• [What you will do]:
The lines to print run from the top of the material below to the line with "U značky Zákaz", inclusive; please copy them exactly, without pictures.

• [Data below]:
--
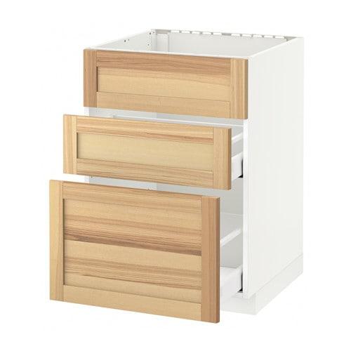 МЕТОД / МАКСИМЕРА Напольн шк п-мойку+3фрнт пнл/2ящ - белый, Торхэмн естественный ясень, 60x60 см
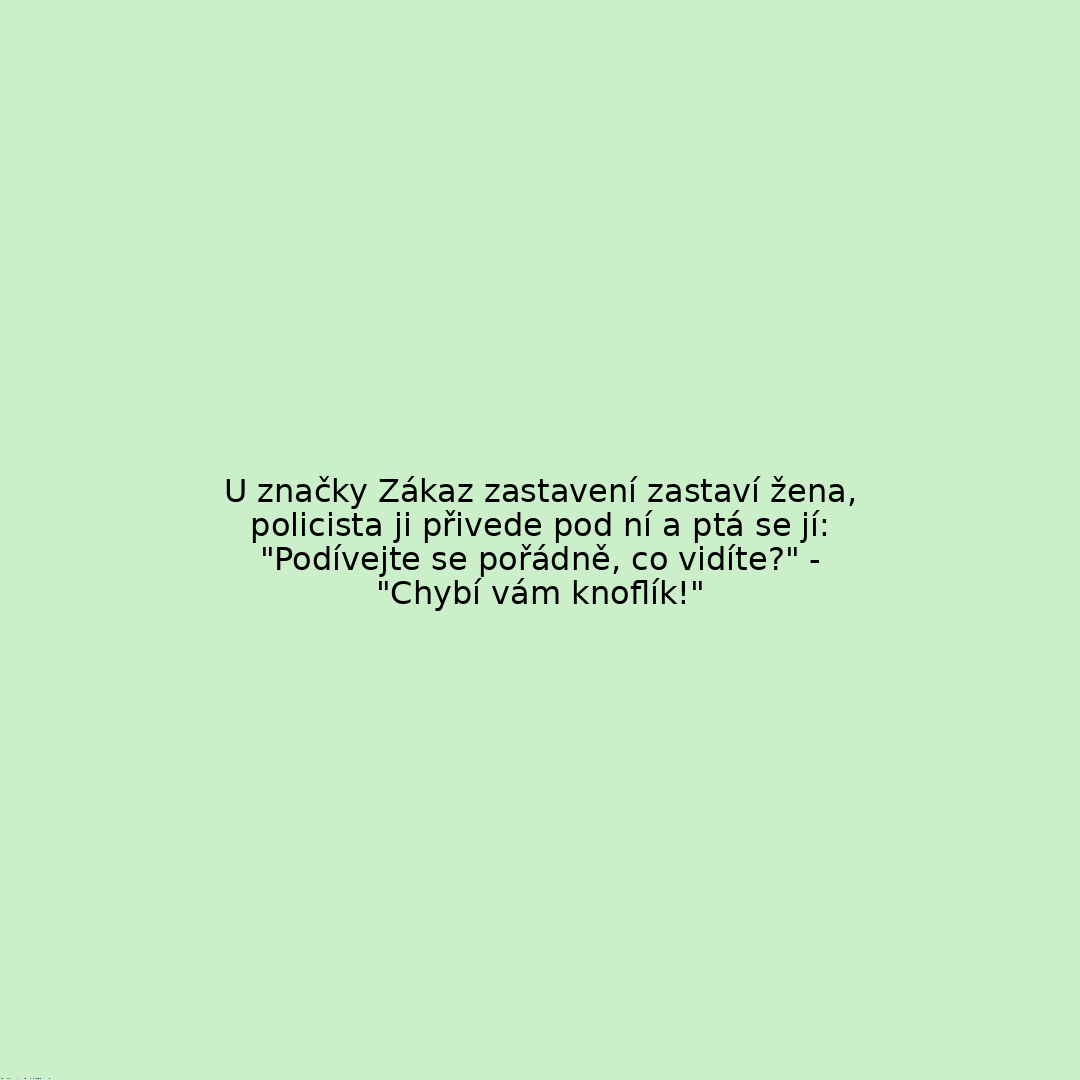 U značky Zákaz zastavení zastaví žena, policista ji přivede pod ní a ptá se jí: "Podívejte se pořádně, co vidíte?" - "Chybí vám knoflík!"
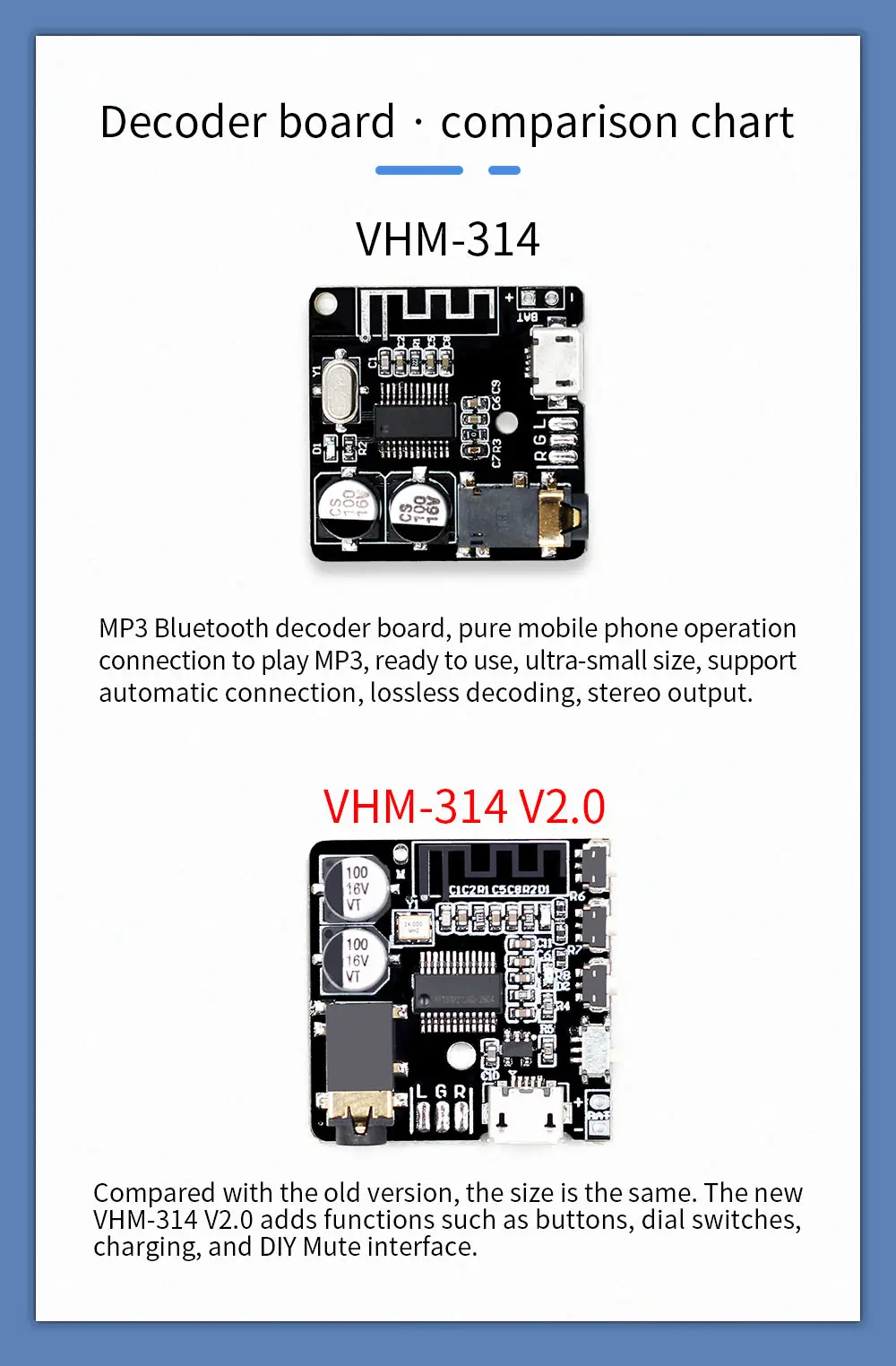 После включения питания синий индикатор загорается и переходит в режим Bluetooth; На английском языке отображается «устройство bluetooth готово к сопряжению», указывает, что режим Bluetooth введен и ожидает сопряжения; «VHM-314» Поиск через мобильный телефон Bluetooth-это имя устройства декодирующей платы. Нажмите на соединение, Плата декодера предлагает «устройство bluetooth Подключено успешно», указав, что Плата декодера и мобильный телефон успешно подключены, вы можете воспроизводить музыку.
--
• [Response area]:
 МЕТОД / МАКСИМЕРА Напольн шк п-мойку+3фрнт пнл/2ящ - белый, Торхэмн естественный ясень, 60x60 см
 U značky Zákaz zastavení zastaví žena, policista ji přivede pod ní a ptá se jí: "Podívejte se pořádně, co vidíte?" - "Chybí vám knoflík!"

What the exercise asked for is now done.